First of all, you need to insert the necessary modules. then you can do
# lidsconf -A -o /usr/sbin -j READ # lidsconf -A -s /usr/sbin/httpd -o LIDS_SOCKET_CREATE -j DISABLE
After that, httpd itself can not connect outside and bind to any port. That will certainly stop the Apache's SSL slapper worm which propagate itself and trying to install a backdoor on the machine.

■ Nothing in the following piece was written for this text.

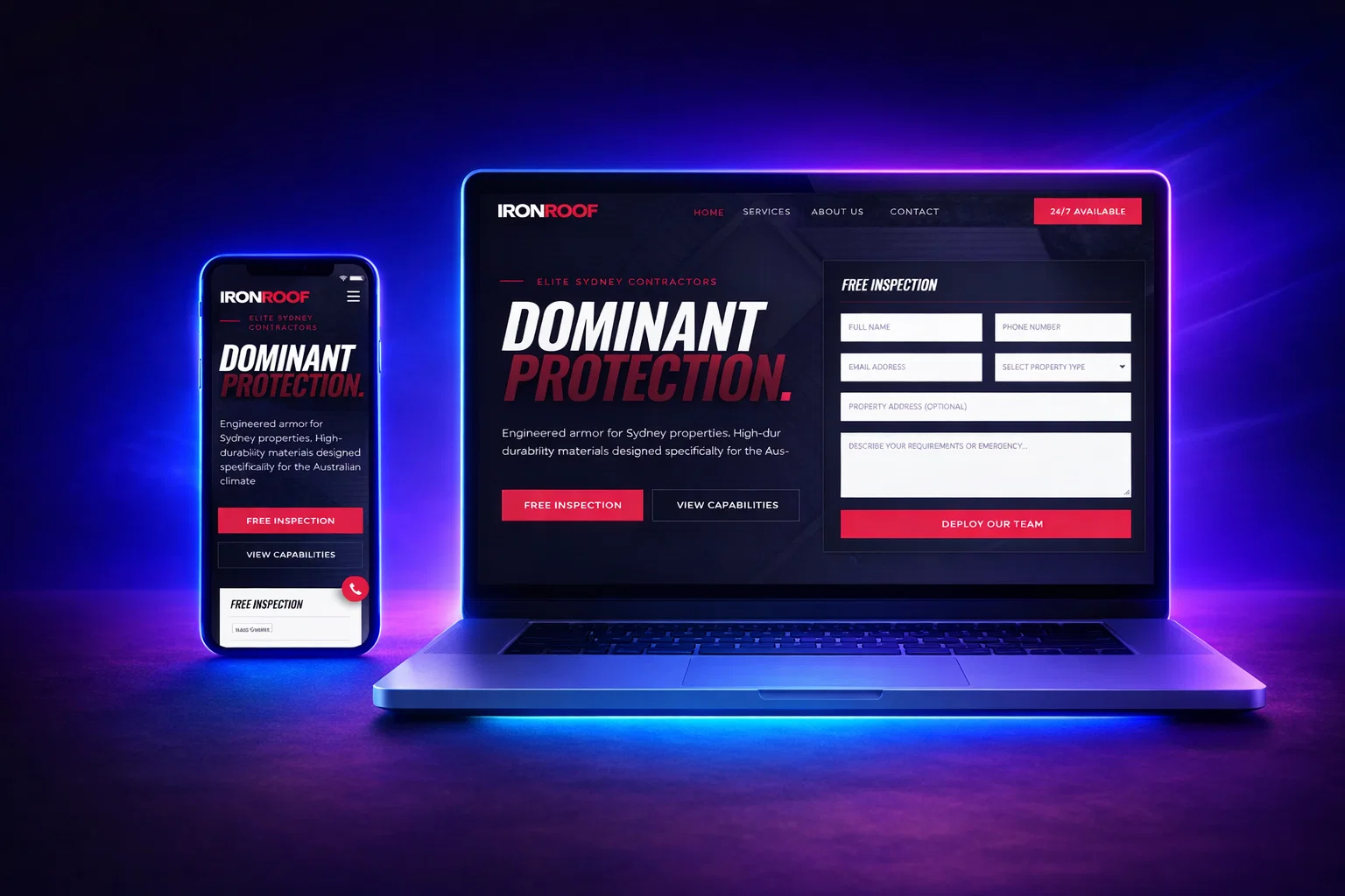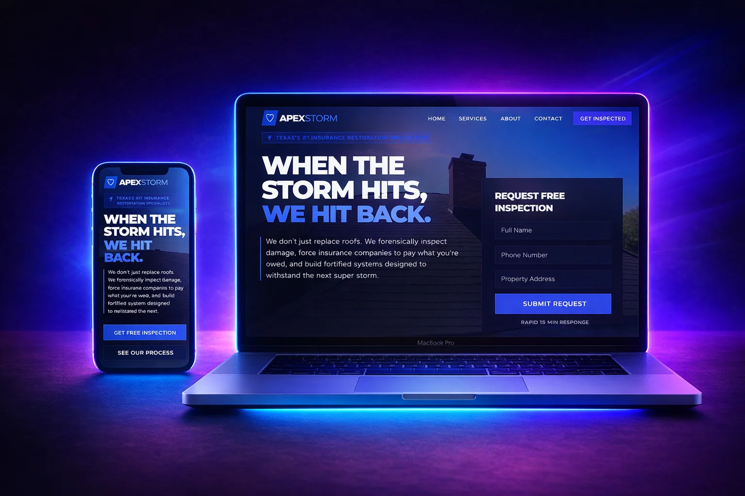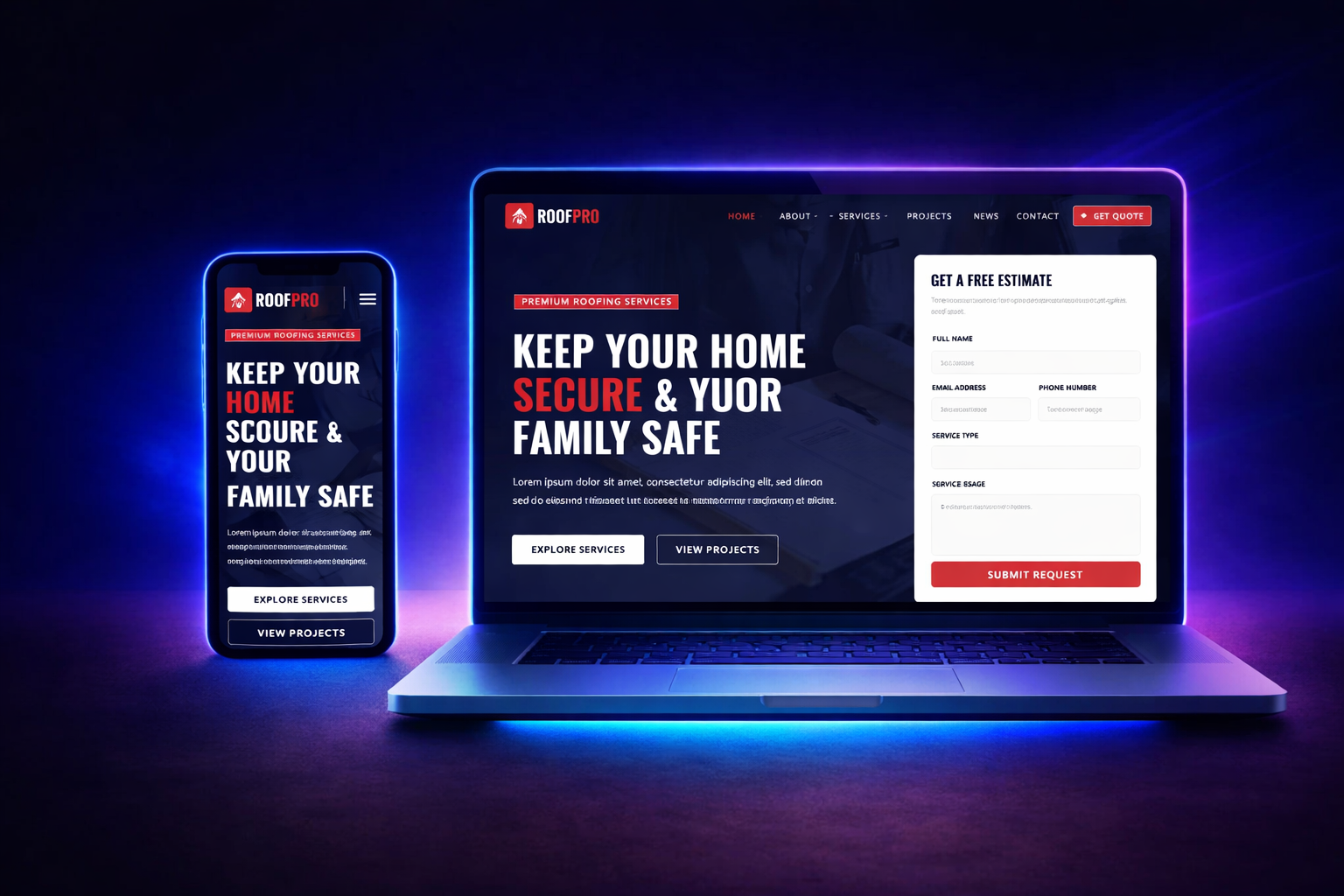 A high-converting roofing website and lead generation system designed to attract homeowners, showcase services, and drive qualified leads for roofing businesses.

But if the http process need to connect outside, for example, it will try to connect to an database server or ad DNS server. We can use another Netfilter to control it,
# lidsconf -A -s /usr/sbin/httpd -o LIDS_SOCKET_NF_MARK 3 -j DISABLE ^------------ this rule get the process and its children capability to mark all the packet from new socket(new connection and new bind) the packets as 3. # iptables -A OUTPUT -t mangle -j MARK --set-mark 0 ^------------ this rule make the LIDS mark the packet at this stage. # iptables -A OUTPUT -d 10.0.0.1 --protocol udp --destination-port 53 -m --mark 3 -j ACCEPT ^------------ this rule enable the access to 10.0.0.1 port 53 which is a DNS server. # iptables -A OUTPUT -d 10.0.0.2 --protocol tcp --destination-port 3306 -m --mark 3 -j ACCEPT ^------------ this rule enable the access to 10.0.0.2 port 3306 which is a MySQL server. # iptables -A OUTPUT -m mark --mark 3 -j DROP ^------------ this rule drop all the packets marked as 3
Let's see what happen when a HTTP WORM coming in, the worm will try to install a backdoor on port 10999, it success since we do not prevent it, but when he try to connect to backdoor port 10999 from outside, it will fail for all the packets that backdoor generated have been marked as 3 and dropped silently by the rule when the packet go outside.
When the HTTP server try to resolve a hostname or try to send a database request to a remote database server, it can do it successfully. But when the worm trying to connection outside to port 80 and propagate, he will find out that he can not since the last netfilter rule will also drop the packet silently.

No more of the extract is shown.